Hmmm, that is making me nervous on your behalf 

You've spent a lot of money so far. Maybe it'd be worth your while getting out a building surveyor to advise?


----------



## Wisey (2 Jul 2015)

With that sort of weight, if you have any doubts at all, then you need to get a structural engineer to take a look.


----------



## Rabbit229 (2 Jul 2015)

ian_m said:


> Few further observations:
> - If your floor is stone, with big slabs and that thick then will probably be completely safe, after all I assume your internal walls are brick/stone and they rest on the same floor.
> - Not too sure about the strength and load spreading ability of your frame. Whilst probably OK I would
> - Place whole frame on a piece of 18mm ply board to spread the weight over all the area.
> ...


Ian this is how I wanted to build it with the 18mm ply' but the house is 120 years old and the floor runs out by an inch in the middle. This left me a big problem as the ply was floating. If I was to build of that un level ply the weight of the tank would of knocked it out of plum. The left side and right side sit flush but the middle is 1 inch above the floor. Making this a tricky stand. This is why I have give it 7 legs and fixed a brace along the front to try help spread the weight.

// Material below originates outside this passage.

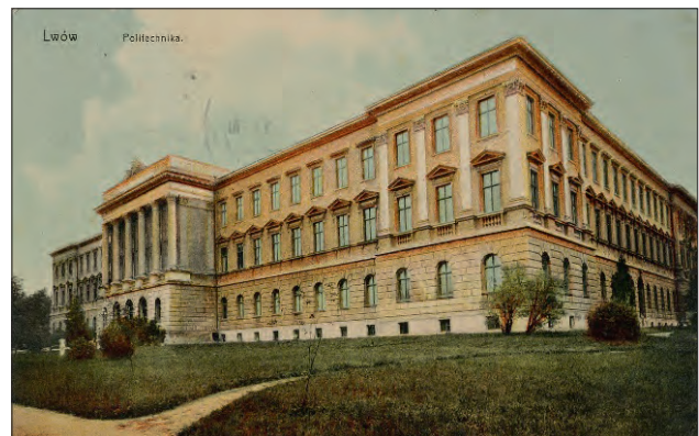
Fot. 2. Gmach główny Politechniki Lwowskiej na pocztówce z 1911 roku

My floor is made up buy a brick arch celling in the basement that is tied in to two steal girders that run from the front to the back of the house. Over the brick arch they is a foot of hardcore and over the hardcore they is 3inch stone Yorkshire gray flags
My thoughts are to instal 2 acros under the arch way but this is still not giving me a good pice of mind

If they is a small void under one of the flags it is liable to give and drop a few inches that will sent the tank falling over,
Even if a structural engineer says the load is safe. They is still no guarantee they is no void under the flag. This could end up with a death if this falles. Stress is sinking in right now. I've spent a pretty penny


----------



## Wendal_spanswick (2 Jul 2015)

Is there not somewhere else in the house with a bit more certain structural integrity that the tank could go?


----------



## ian_m (2 Jul 2015)

Rabbit229 said:


> The left side and right side sit flush but the middle is 1 inch above the floor


You pack out the height issues with things like this.
http://www.screwfix.com/p/broadfix-precision-wedgepacker-medium-77-x-8-x-45mm-pack-of-200/76521

Or even better used wooden laths under the 18mm ply. To get ideas of the packing height, if tiles silicone polish floor or if flags lay polythene over the top. Then put daubs of plaster onto the floor in the low bits, place on 18mm board and tap and bash till level. Wait till plaster sets, lift up and you have your heights of the daubs you cut your laths to (or packers). Or place concrete daubs on low places and place 18mm board on top and use as set, or even better, as seen here numerous times, lift up the flags (for reuse later) and lay concrete base to place frame on. Done.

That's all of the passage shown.